What the task asks:
Repeat the listing exactly. Pictures stay out of your copy.

Information shown:
※
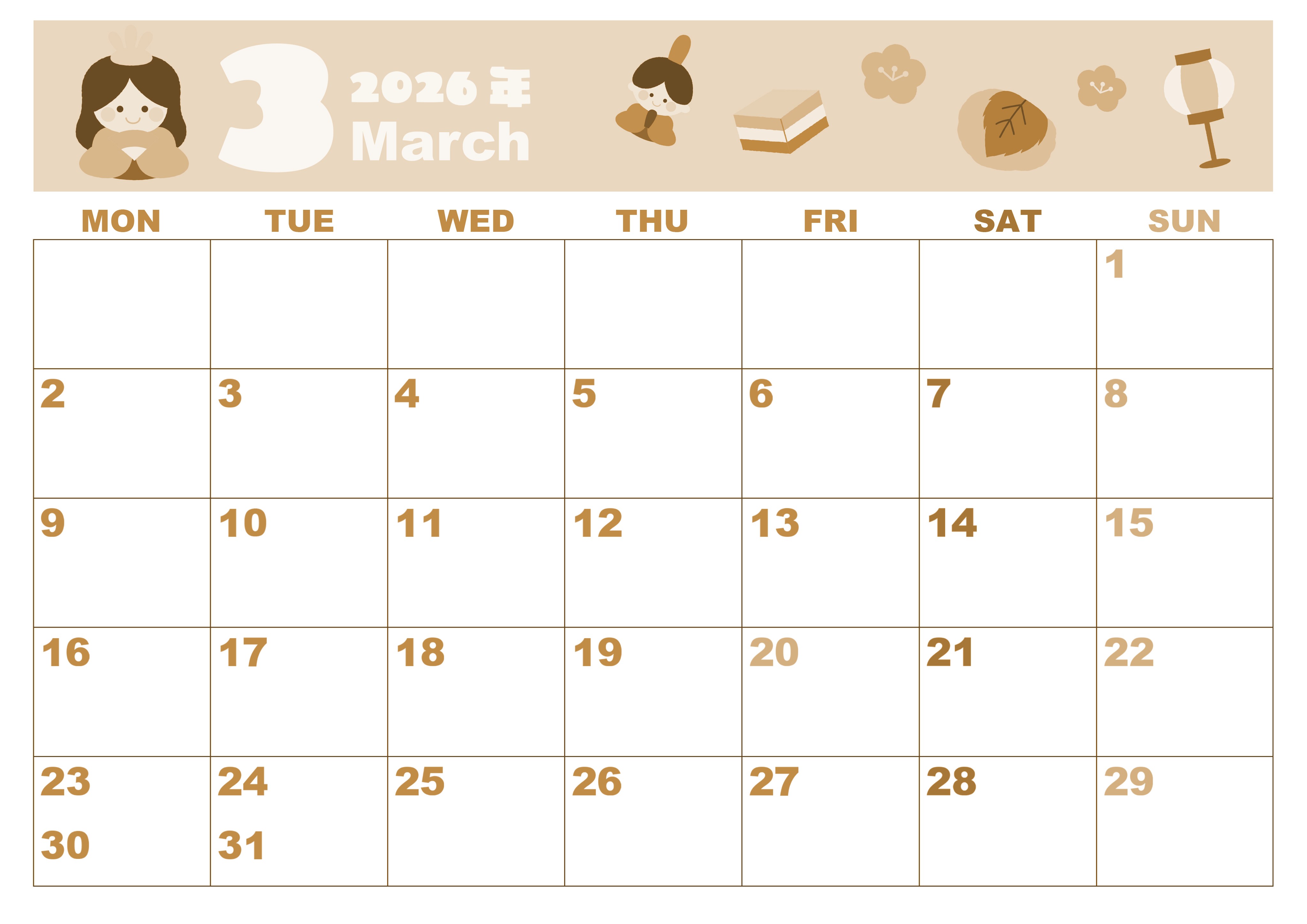 2026年3月横型レトロな月曜始まりの無料テンプレートセピア調カレンダーです。月曜始まりのガーリーなかわいいセピア調カレンダーです。イラストはスケジュール記入欄を避けて描いているので予定を書き込みしやすいです。(2026-00590301)
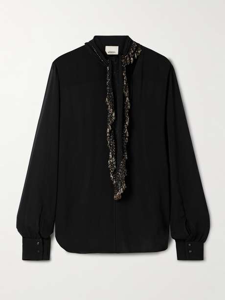 La blouse Elaura d’Isabel Marant est parée de liens aériens au niveau du cou qui sont ornés de perles, ce qui apporte de la sophistication à sa silhouette simple. Elle est réalisée en mousseline de soie légère et pourvue d’un ourlet incurvé que vous pourrez aisément glisser dans un jean ou une jupe.
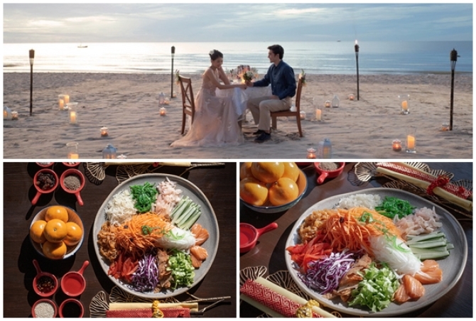 พิธี “หล่อเฮ” หรือการคลุกหยี่ซัง เปรียบเสมือนการอวยพรให้ชีวิตก้าวขึ้นสู่สิ่งดี ๆ เต็มไปด้วยโชคลาภและความสำเร็จ ยีซังสูตรพิเศษของทางรีสอร์ทโดดเด่นด้วยการคัดสรรแซลมอนคุณภาพ ผักดองหลากชนิด และแมงกะพรุนเย็น เสริมรสด้วยน้ำมันงาหอมลงตัว พร้อมตัวเลือกมังสวิรัติที่ใช้โปรตีนจากพืชในรูปแบบ “ปลา” ที่ให้สัมผัสคล้ายแซลมอน
※
Answer box:
 2026年3月横型レトロな月曜始まりの無料テンプレートセピア調カレンダーです。月曜始まりのガーリーなかわいいセピア調カレンダーです。イラストはスケジュール記入欄を避けて描いているので予定を書き込みしやすいです。(2026-00590301)
 La blouse Elaura d’Isabel Marant est parée de liens aériens au niveau du cou qui sont ornés de perles, ce qui apporte de la sophistication à sa silhouette simple. Elle est réalisée en mousseline de soie légère et pourvue d’un ourlet incurvé que vous pourrez aisément glisser dans un jean ou une jupe.
 พิธี “หล่อเฮ” หรือการคลุกหยี่ซัง เปรียบเสมือนการอวยพรให้ชีวิตก้าวขึ้นสู่สิ่งดี ๆ เต็มไปด้วยโชคลาภและความสำเร็จ ยีซังสูตรพิเศษของทางรีสอร์ทโดดเด่นด้วยการคัดสรรแซลมอนคุณภาพ ผักดองหลากชนิด และแมงกะพรุนเย็น เสริมรสด้วยน้ำมันงาหอมลงตัว พร้อมตัวเลือกมังสวิรัติที่ใช้โปรตีนจากพืชในรูปแบบ “ปลา” ที่ให้สัมผัสคล้ายแซลมอน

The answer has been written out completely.